Show that $2222^{5555} + 5555^{2222}$ is divisible by 7 (without modular arithmetic)

Question

I tried using the following approach:

$$x=2222^{5555}+5555^{2222} = (2222^5)^{1111}+(5555^2)^{1111}$$

Now we know $(x^n+y^n)$ is divisible by $(x+y)$ for odd natural number $n$. So,

$$x=(2222^5+5555^2)k,\ k\in N$$

$$x=(1111^2)(32\cdot1111^3+25)k$$

The term in parentheses was found to be $54165190296027657$, which is divisible by $7$. Thus $7 | x$.

Another method (edit):

We can also write $$2222^{5555} = (7\times 317+3)^{5555} = 7p+3^{5555}$$ Similarly $$5555^{2222}=(793\times7+4)^{2222} = 7q+4^{2222}$$

So we have $$x=7(p+q)+(3^5+4^2)r$$ Here we have $3^5+4^2$ is divisible by $7$. So $x$ is also divisible by $7$.

But is there a simple way without multiplication of large numbers?

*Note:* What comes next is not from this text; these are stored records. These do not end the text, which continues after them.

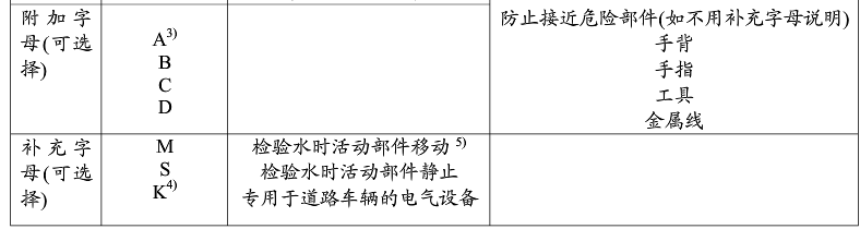 注:用補充字母K來表示道路車輛對防塵(第一個數(shù)字5和6)與防水(第二個數(shù)字4、6和9)的特殊規(guī)定。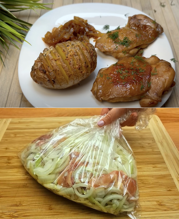 Нашли уловку для готовки идеально сочной курицы. Кладем на полчаса в пакет с луком и маринуем как шашлык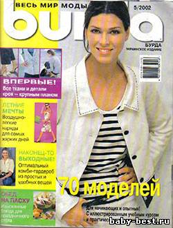 О журнале: Классика: черно-белые контрасты — классические цвета в новых комбинациях. Тенденции: назад, в 50-е — юбки-солнце и цветочные рисунки создают солнечное настроение. Город: непринужденная элегантность — как быть хорошо одетой при 30 градусах в тени. Экстра: наконец-то выходные — прогулочный комби-гардероб с вязанными пуловерами. Актуальный дизайн: цветочное великолепие для отпуска. Burda plus: актуальный стиль сафари для полных женщин. Дети: веселый морской стиль для юнг от 7 до 10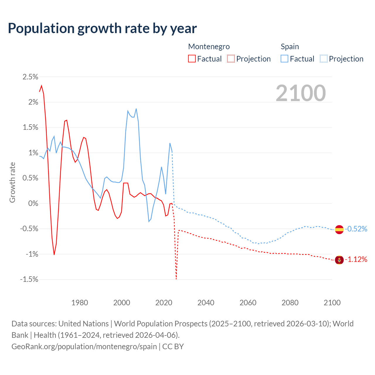 - For the last 10 years, Montenegro has had an average growth rate of +0.01% per year vs +0.43% in Spain.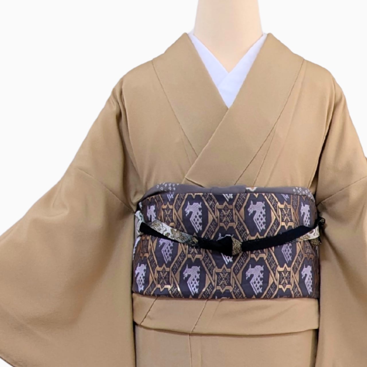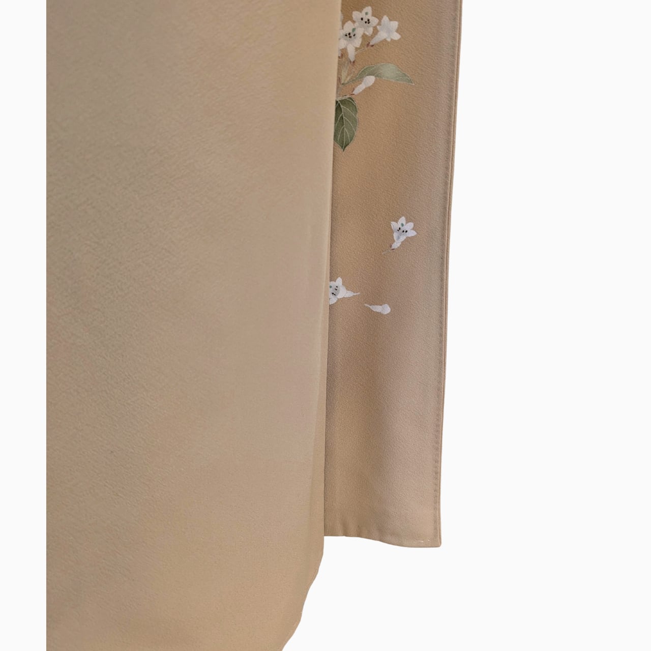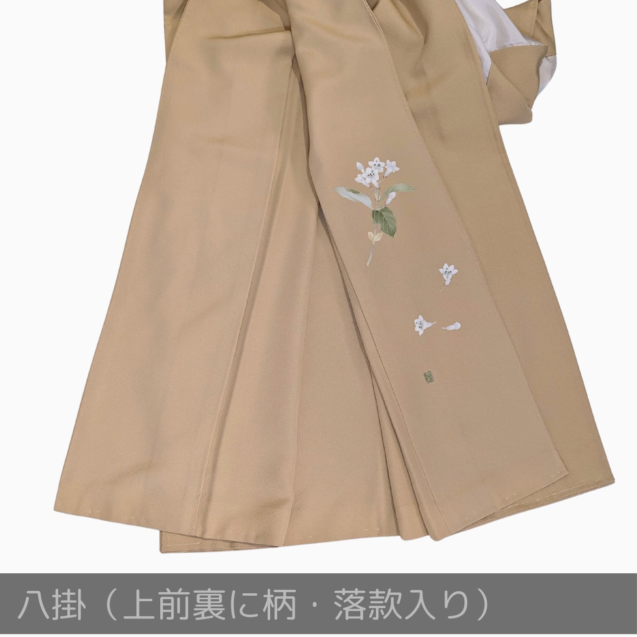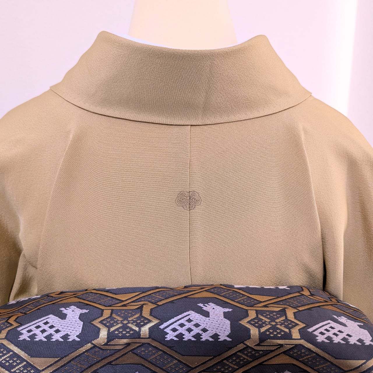 色無地, 正絹, イエローベージュ, 袷, 縫い紋, 未使用, フォーマル, 式典向き, 上品, きちんと感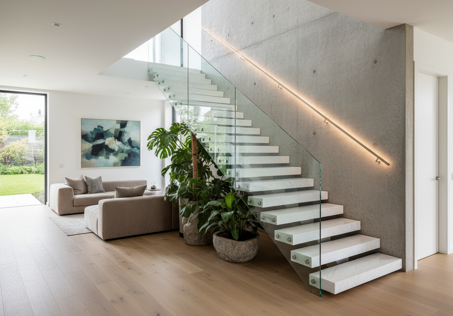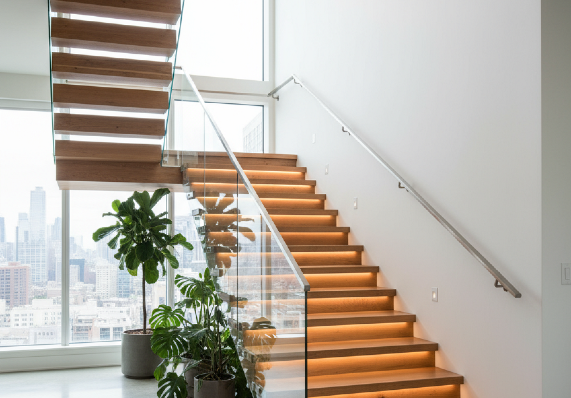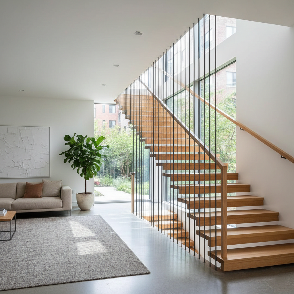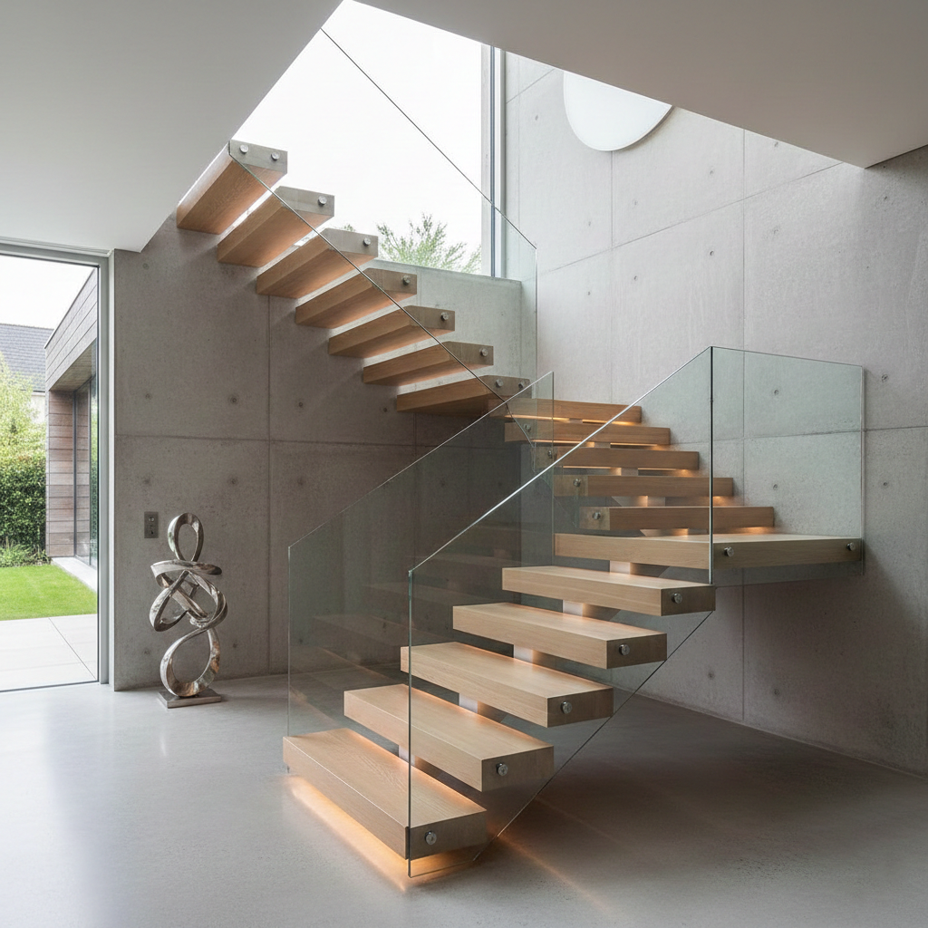 Эффект «парящих» в воздухе ступеней из массива дуба
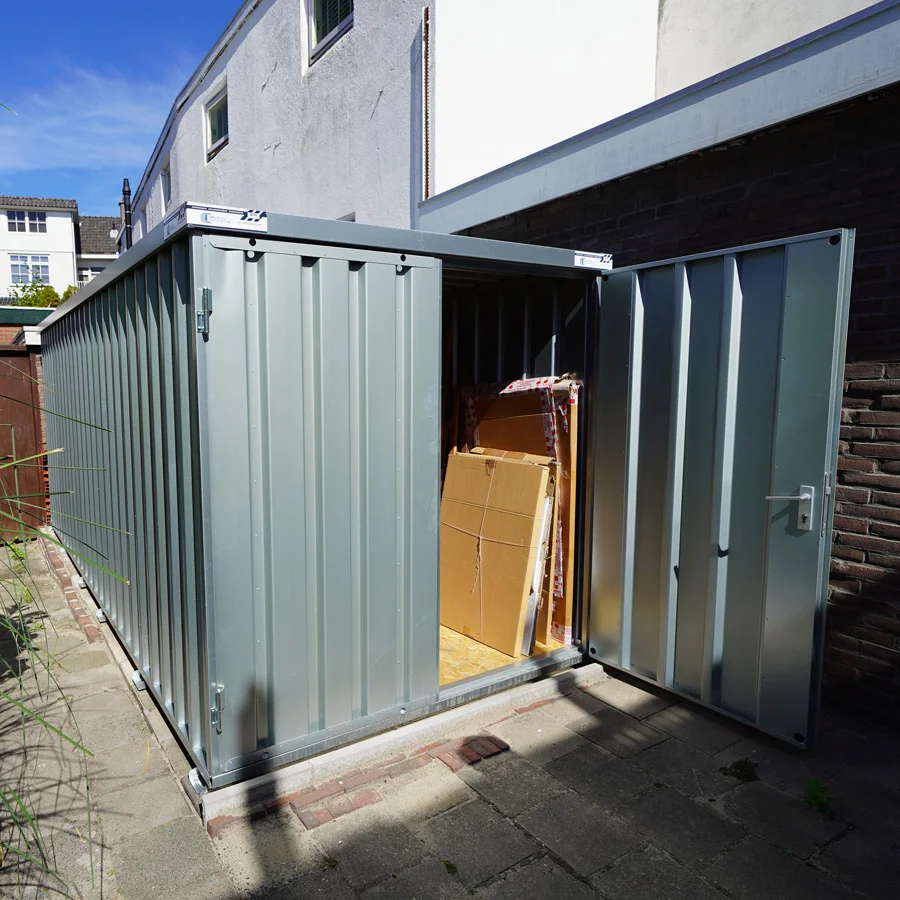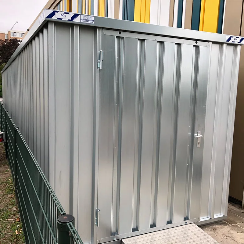 Notre conteneur démontable 5×2 est le choix idéal pour vous. Qu’il s’agisse d’un chantier de construction ou d’une zone industrielle, ou d’une utilisation privée pour le stockage de marchandises lors d’une rénovation, par exemple, le conteneur démontable est le conteneur qui vous offre, en tant que consommateur, toutes les commodités. Grâce au lourd plancher en bois OSB, le conteneur a une capacité de charge allant jusqu’à 500 kg par m2. Chaque conteneur démontable à montage rapide est équipé de quatre anneaux de levage prémontés sur le dessus et de supports métalliques pour chariot élévateur sur le dessous afin de faciliter le transport. Les parois en acier galvanisé de 0,8 mm d’épaisseur garantissent la résistance de votre conteneur rapide démontable au vent et aux intempéries ; le conteneur peut supporter une charge allant jusqu’à 210 kg par m2 dans la neige et des rafales allant jusqu’à 160 km à l’heure.

Thank you!

Answer 1

We have

\begin{align} 2222^5 + 5555^2&=2222^5 +5555^5-5555^5+ 5555^2\\ &=2222^5 +5555^5-5555^2( 5555^3-1)\\ \end{align}

$2222^5 +5555^5$ is divisible by $2222+5555=7(1111)$ as $5$ is odd.

$$5555^3-1=(7\times793+4)^3-1=7p+4^3-1=7p+63$$

is divisible by $7$.

Answer 2

Because $2226$ divided by $7$, $5551$ divided by $7$,

$a^n-b^n=(a-b)(a^{n-1}+...+b^{n-1})$, for odd $n$ we have $a^n+b^n=(a+b)(a^{n-1}-...+b^{n-1})$ and $$2222^{5555}+5555^{2222}=$$ $$=(2226-4)^{5555}+4^{5555}+$$ $$+(5551+4)^{2222}-4^{2222}+$$ $$-\left(4^{5555}-4^{2222}\right)$$ and $$4^{5555}-4^{2222}=4^{2222}\left(4^{3333}-1\right),$$ where the last expression divided by $4^3-1$, which divided by $7$.

Answer 3

Apparently, you know that $x^n+y^n$ is divisible by $x+y$ for $n$ odd. So $7\mid 1113\mid 1111^3+2^3$.